=== To do ===
No pictures belong in the copy. Retype exactly, and only, the stretch of lines below from the one with "總臺央視記者 王晨:我現(x" through the one with "Fiat 500X Pop, $26,235".

=== Data ===

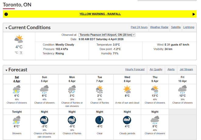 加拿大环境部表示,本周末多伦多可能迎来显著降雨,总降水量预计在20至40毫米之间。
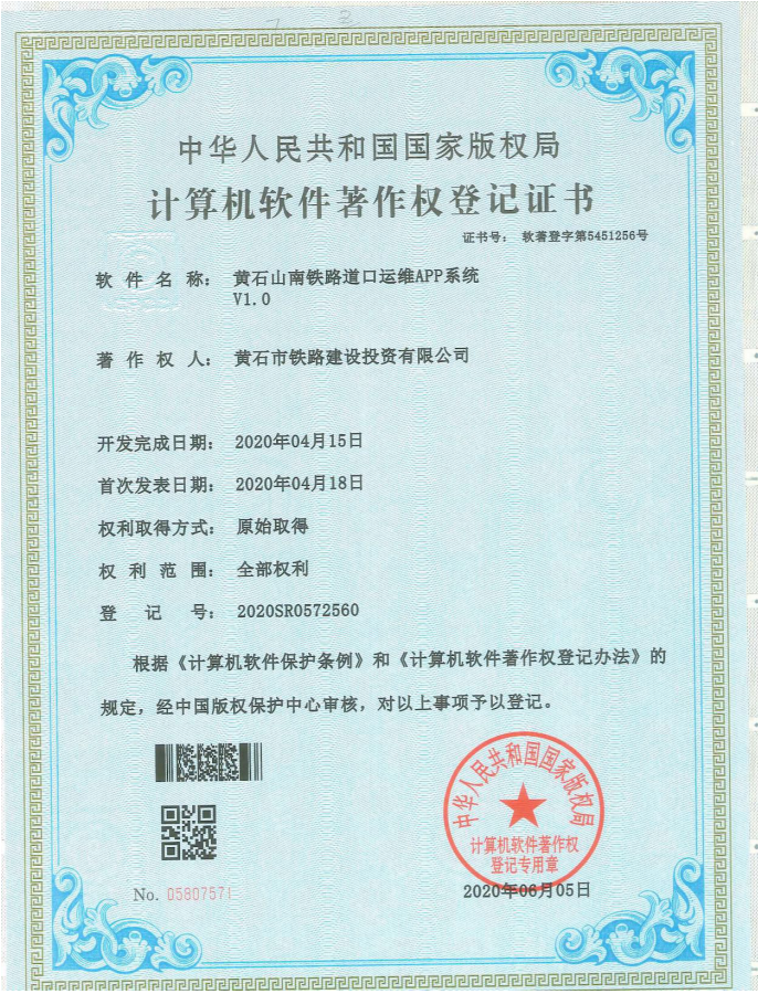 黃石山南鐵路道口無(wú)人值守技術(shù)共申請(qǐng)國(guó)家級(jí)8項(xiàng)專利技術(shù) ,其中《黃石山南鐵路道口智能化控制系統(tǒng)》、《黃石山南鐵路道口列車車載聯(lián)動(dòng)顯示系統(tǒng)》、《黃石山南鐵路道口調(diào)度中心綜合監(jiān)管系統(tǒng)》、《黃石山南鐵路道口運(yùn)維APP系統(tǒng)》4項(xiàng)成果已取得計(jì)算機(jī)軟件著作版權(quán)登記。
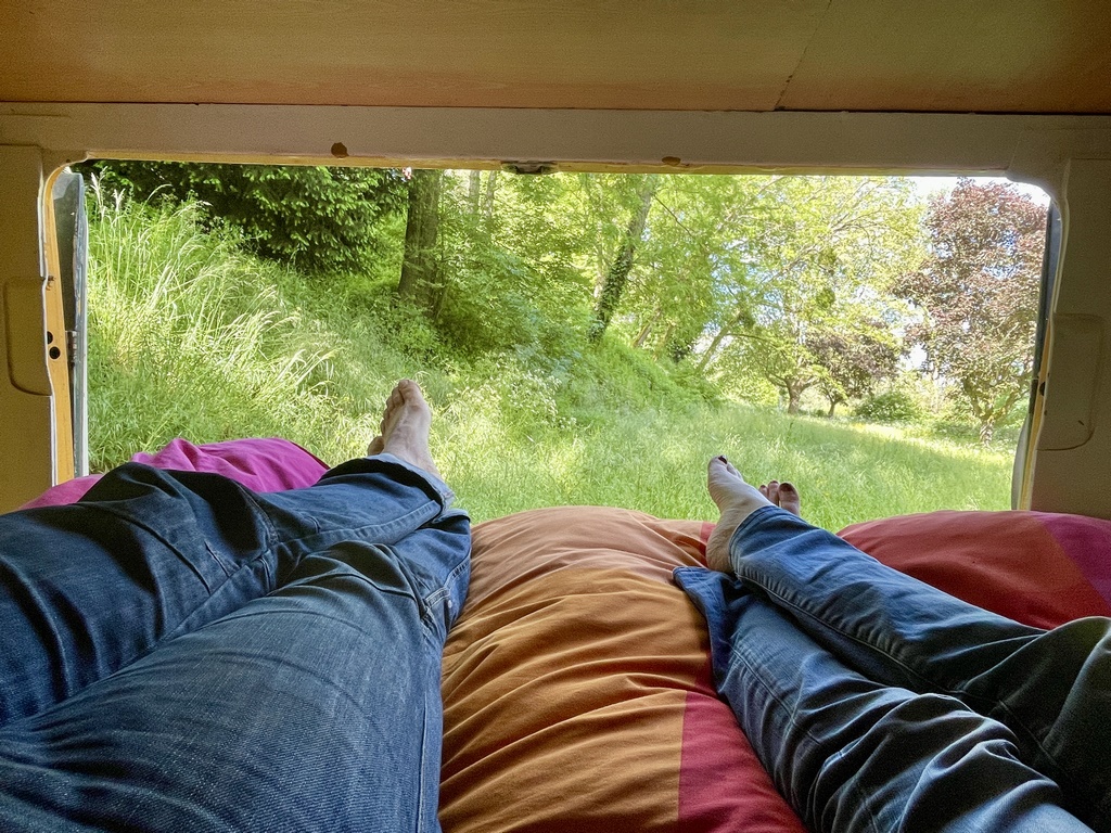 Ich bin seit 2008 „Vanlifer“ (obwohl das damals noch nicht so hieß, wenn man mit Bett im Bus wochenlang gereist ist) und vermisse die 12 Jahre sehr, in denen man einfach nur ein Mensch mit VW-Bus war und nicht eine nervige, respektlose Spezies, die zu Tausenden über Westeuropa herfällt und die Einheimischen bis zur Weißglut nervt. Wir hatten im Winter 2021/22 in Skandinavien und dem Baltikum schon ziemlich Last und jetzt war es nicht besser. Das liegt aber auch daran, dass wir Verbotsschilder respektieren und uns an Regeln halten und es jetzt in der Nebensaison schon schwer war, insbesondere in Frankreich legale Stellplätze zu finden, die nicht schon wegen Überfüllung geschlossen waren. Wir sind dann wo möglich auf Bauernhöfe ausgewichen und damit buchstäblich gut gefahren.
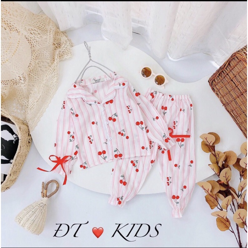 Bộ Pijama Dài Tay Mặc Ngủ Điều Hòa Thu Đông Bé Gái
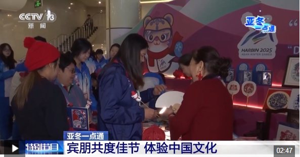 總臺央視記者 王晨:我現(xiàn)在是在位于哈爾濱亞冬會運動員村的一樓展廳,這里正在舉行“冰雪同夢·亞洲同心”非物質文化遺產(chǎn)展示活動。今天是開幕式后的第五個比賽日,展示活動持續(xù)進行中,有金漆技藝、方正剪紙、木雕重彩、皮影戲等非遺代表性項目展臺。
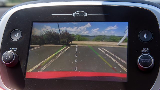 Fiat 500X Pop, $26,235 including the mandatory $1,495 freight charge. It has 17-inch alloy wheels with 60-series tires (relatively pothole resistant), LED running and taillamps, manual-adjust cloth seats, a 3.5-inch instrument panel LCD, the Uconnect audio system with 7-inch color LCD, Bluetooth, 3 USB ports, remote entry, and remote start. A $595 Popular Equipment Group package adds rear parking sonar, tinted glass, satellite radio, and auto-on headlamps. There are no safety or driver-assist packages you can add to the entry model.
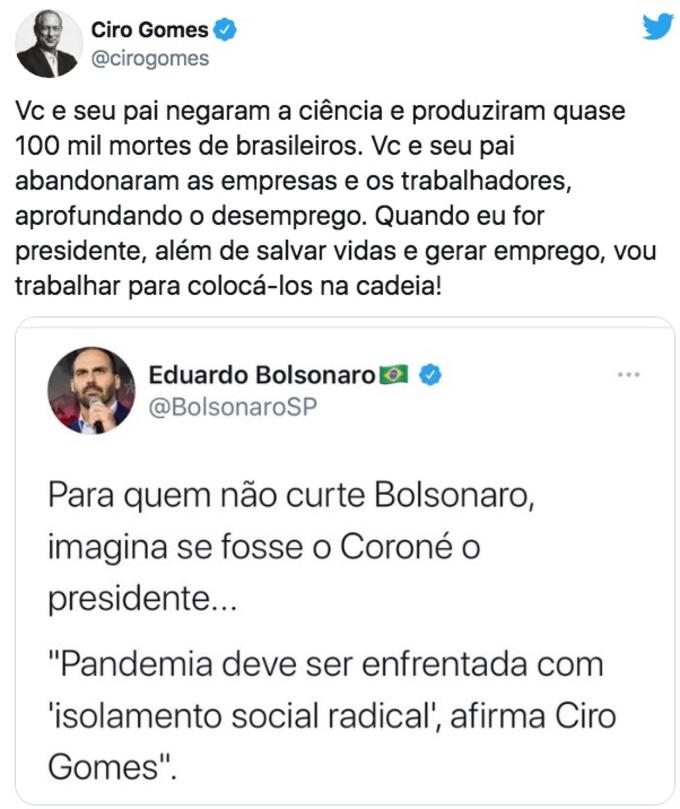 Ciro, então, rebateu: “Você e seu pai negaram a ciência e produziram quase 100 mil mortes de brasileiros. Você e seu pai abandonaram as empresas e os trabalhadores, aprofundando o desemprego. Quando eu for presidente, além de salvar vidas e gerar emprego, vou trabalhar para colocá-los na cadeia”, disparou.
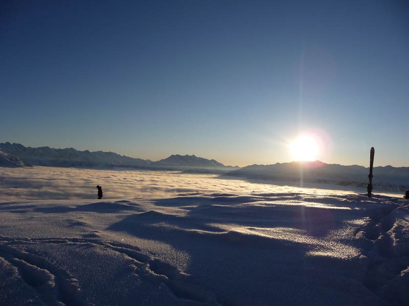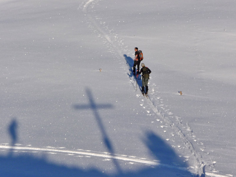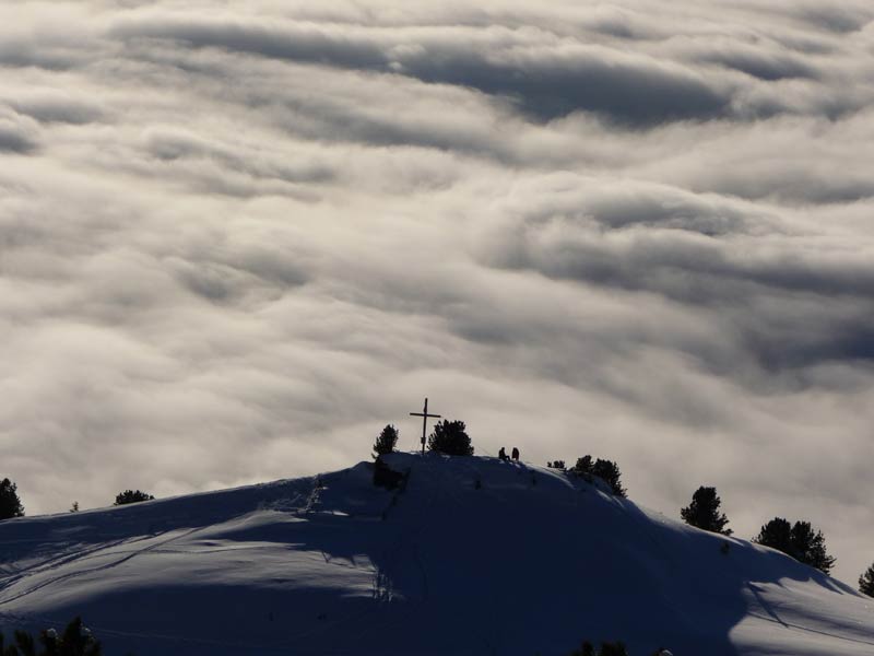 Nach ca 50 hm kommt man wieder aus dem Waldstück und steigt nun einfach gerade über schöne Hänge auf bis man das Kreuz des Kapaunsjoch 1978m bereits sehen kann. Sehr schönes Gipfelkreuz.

=== Your solution ===
 總臺央視記者 王晨:我現(xiàn)在是在位于哈爾濱亞冬會運動員村的一樓展廳,這里正在舉行“冰雪同夢·亞洲同心”非物質文化遺產(chǎn)展示活動。今天是開幕式后的第五個比賽日,展示活動持續(xù)進行中,有金漆技藝、方正剪紙、木雕重彩、皮影戲等非遺代表性項目展臺。
 Fiat 500X Pop, $26,235 including the mandatory $1,495 freight charge. It has 17-inch alloy wheels with 60-series tires (relatively pothole resistant), LED running and taillamps, manual-adjust cloth seats, a 3.5-inch instrument panel LCD, the Uconnect audio system with 7-inch color LCD, Bluetooth, 3 USB ports, remote entry, and remote start. A $595 Popular Equipment Group package adds rear parking sonar, tinted glass, satellite radio, and auto-on headlamps. There are no safety or driver-assist packages you can add to the entry model.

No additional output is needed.